───── DATA FOR REVIEW

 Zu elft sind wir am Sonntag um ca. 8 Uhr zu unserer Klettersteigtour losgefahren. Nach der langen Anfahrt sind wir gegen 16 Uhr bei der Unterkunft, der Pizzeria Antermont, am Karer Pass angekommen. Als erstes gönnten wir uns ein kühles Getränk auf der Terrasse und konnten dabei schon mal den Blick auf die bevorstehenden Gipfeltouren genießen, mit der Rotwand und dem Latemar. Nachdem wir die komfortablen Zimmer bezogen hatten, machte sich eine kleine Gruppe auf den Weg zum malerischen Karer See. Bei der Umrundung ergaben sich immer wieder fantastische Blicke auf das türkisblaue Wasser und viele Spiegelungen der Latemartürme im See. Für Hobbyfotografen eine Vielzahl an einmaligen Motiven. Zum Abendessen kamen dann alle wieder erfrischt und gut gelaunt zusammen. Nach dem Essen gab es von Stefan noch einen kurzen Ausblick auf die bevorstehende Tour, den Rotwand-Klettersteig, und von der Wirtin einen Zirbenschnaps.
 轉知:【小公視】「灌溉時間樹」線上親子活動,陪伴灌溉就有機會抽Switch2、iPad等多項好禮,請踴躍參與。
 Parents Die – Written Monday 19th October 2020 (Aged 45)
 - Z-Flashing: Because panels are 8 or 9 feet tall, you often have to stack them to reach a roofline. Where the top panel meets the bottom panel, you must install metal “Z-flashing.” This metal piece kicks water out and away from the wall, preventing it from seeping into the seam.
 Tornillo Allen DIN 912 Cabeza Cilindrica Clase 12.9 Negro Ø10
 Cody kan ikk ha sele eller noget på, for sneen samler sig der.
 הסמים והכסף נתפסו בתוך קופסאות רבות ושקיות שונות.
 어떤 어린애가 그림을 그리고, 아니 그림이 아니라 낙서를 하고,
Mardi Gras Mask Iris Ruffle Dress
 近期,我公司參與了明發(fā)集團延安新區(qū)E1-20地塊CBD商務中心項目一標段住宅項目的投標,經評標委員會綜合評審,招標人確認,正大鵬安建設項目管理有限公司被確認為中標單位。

──────────

Nothing but the lines from the one with "Cody kan ikk" through the final line of the data above should be output, exactly as written.

■ **SOLUTION FOR THIS PROBLEM**:
 Cody kan ikk ha sele eller noget på, for sneen samler sig der.
 הסמים והכסף נתפסו בתוך קופסאות רבות ושקיות שונות.
 어떤 어린애가 그림을 그리고, 아니 그림이 아니라 낙서를 하고,
Mardi Gras Mask Iris Ruffle Dress
 近期,我公司參與了明發(fā)集團延安新區(qū)E1-20地塊CBD商務中心項目一標段住宅項目的投標,經評標委員會綜合評審,招標人確認,正大鵬安建設項目管理有限公司被確認為中標單位。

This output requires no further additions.